While whole genome sequencing has been relatively rare to date in macaques, many historic obstacles, such as cost, are being reduced or removed. The data presented here and previous work demonstrate the ability to accurately detect variation genome-wide. Expanded genomic characterization in macaques could help identify genomic variants to explain disease phenotypes in existing macaque studies, or identify novel disease models. To facilitate these studies, it is essential that the field continue to invest in resources, such as continued refinement of the reference genome, annotations and validated variation data, necessary for high quality genomic studies.
Material and Methods
Animal Selection and Welfare
Twenty one rhesus macaques, six of Chinese-origin thirteen of Indian-origin, and two hybrids, all housed at the Oregon National Primate Research Center (ONPRC), were selected for this study. The Chinese-origin animals were directly imported from laboratory animal suppliers in China (Osage Research Primates, Oriental Scientific Instruments, National Laboratory Primate Center of Kunming, Laboratory Experimental Breeding Farm, Guandong, and Guandong Scientific Instruments).

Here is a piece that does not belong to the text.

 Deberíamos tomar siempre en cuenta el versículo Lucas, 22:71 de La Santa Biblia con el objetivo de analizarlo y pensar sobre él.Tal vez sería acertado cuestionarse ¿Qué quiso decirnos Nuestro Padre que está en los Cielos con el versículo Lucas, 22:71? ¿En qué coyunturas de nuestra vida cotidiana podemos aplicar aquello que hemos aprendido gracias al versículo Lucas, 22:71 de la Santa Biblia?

Eleven of the animals were females and ten were males. Fifteen of the animals were unrelated (9 Indian and 6 Chinese), and 6 Indian-origin animals were related. The cohort included two trios (an offspring with two parents), and multiple parent/child pairs. Pedigree relationships were molecularly validated. All of the ancestries were validated using a custom 96 SNP ancestry informative marker assay [19]. The animals were also selected with consideration of their medical histories, which indicated a diversity of medical or physical traits that are common among captive bred rhesus macaques. All macaque samples used in this study were collected during routine veterinary care procedures approved by the Institutional Animal Care and Use Committee of the Oregon Health & Science University (Protocol Number: IS00002621); these samples are part of the much larger ONPRC DNA Biobank. Animal care personnel and staff veterinarians of the ONPRC provide routine and emergency health care to all animals in accordance with the Guide for the Care and Use of Laboratory Animals, and the ONPRC is certified by the Association for Assessment and Accreditation of Laboratory Animal Care International.

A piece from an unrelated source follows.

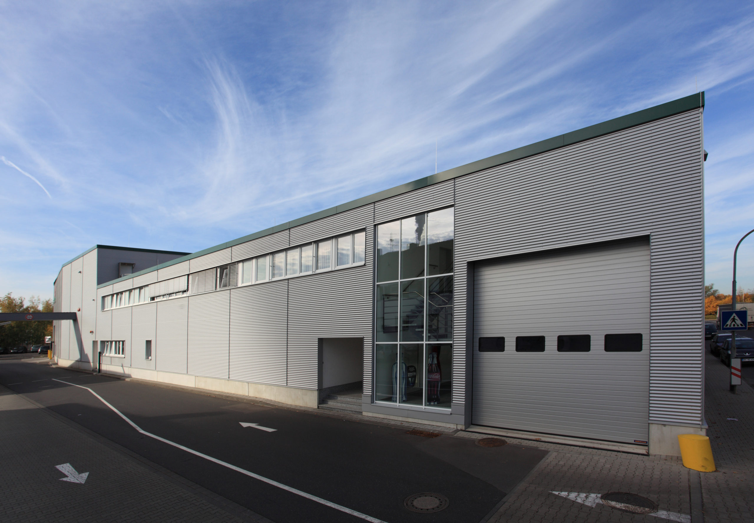 Für eines der führenden europäischen Unternehmen in der Wellpappen- und Verpackungsindustrie errichtet Ronge Gewerbebau teilschlüsselfertig am Standort Jülich eine High-End Offset-Druckerei. In der 4‑schiffigen Hallenkonstruktion kann auf drei Maschinen in unterschiedlichen Formaten und bis zu 10 Farben produziert werden. Ein 2‑geschossiger Lagerbereich und eine Büroempore komplettieren das Objekt.
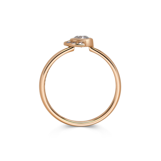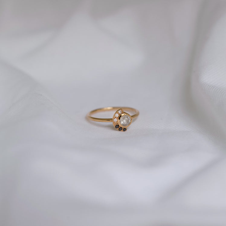 Ring 009 features a round salt and pepper rose cut diamond, bezel set with asymmetric black and white diamonds surrounding it.

Genomic DNA Isolation and Whole Genome Sequencing
DNA was extracted from either whole blood, collected by venous puncture into an EDTA vacutainer (Fischer Scientific, Waltham, MA), or from a liver sample collected and flash frozen at necropsy. All sample collection protocols were approved by the Oregon Health & Sciences University Animal Utilization and Care Committee and in accordance with the NIH and the Guide for Use and Care of Laboratory Animals. DNAs were extracted using the Gentra PureGene Blood Kit following the manufacturers protocol or the ArchivePure DNA Blood Kit (5 Prime, Inc.), following the manufacturer’s recommendations. Genomic DNA was quantified with the Qubit High Sensitivity dsDNA Assay (Life Technologies, CA). Sequence libraries with 200–300 bp inserts were prepared using Illumina’s Paired-End DNA Sample Prep Kit. Each library was sequenced to produce 100 bp paired end reads on an Illumina HiSeq2000 or HiSeq3000 to achieve an average of 25X coverage per sample (ranging from 14–48X). The genomic sequencing was carried out by the Massively Parallel Sequencing Shared Resource (MPSSR) at the Oregon Health & Science University, the Center for Genome Research and Biocomputing at Oregon State University and by Axeq Technologies, Seoul, Korea. Primary FASTQ files have been submitted to SRA, BioProject PRJNA340145.
Analysis of Sequence Data
Whole genome data were processed using a pipeline following the best practice recommendations from the Broad Institute’s Genome Analysis Toolkit (GATK; [21, 43]), adapted for rhesus macaque. Briefly, paired-end reads were trimmed using Trimmomatic adaptive quality trimming [44], and aligned to the MacaM reference genome [9], using BWA-MEM [45]. The MacaM genome can be downloaded from: http://www.unmc.edu/rhesusgenechip/index.htm. BAM post-processing included local re-alignment around indels using GATK [43], and marking of duplicate reads using Picard tools [46]. GATK’s HaplotypeCaller was used to produce gVCF files, followed by genotype calling using GenotypeGVCFs. For the latter, a score of 20 was used as the threshold for calling and emitting variants. The resulting VCF was filtered at the site level using the following criteria: quality by depth (QD < 5.0), strand bias (FS > 15.0), mapping quality (MQ < 50.0), proximity to the read end (ReadPosRankSum < −8.0), the difference in mapping quality between reference and alternate reads (MQRankSum < −12.5), and single nucleotide variant (SNV) clusters of three SNVs within a 10 bp span were also filtered. In addition, and SNVs located within repetitive regions (identified using RepeatMasker [47] were filtered for removal. In addition, individual genotypes were filtered if the genotype was supported by fewer than 10X read depth, sites with greater than 100X coverage, or the genotype quality score was less than 20. To identify regions of the genome where our empirical data systematically differs from the reference sequence, we wrote a custom GATK Walker designed to iterate across a series of BAM files and report any positions where three or more alleles are detected in a single subject (available at: https://cpas:cpas@hedgehog.fhcrc.org/tor/stedi/trunk/externalModules/labModules/SequenceAnalysis/pipeline_code/gatk/MultipleAllelesAtLoci.java). These analyses also employed Picard tools [46] and FASTQC [48] for quality control of the raw data, and JBrowse [49] to visualize the resulting data. Sequence data were managed and analyzed using DISCVR-Seq [50], a LabKey Server-based system [51]. All pipelines and tools used in this manuscript have been incorporated into DISCVR-Seq. SnpEff was utilized to calculate predicted effects for variants [33]. Variant data were submitted to dbSNP under BioProject PRJNA340145.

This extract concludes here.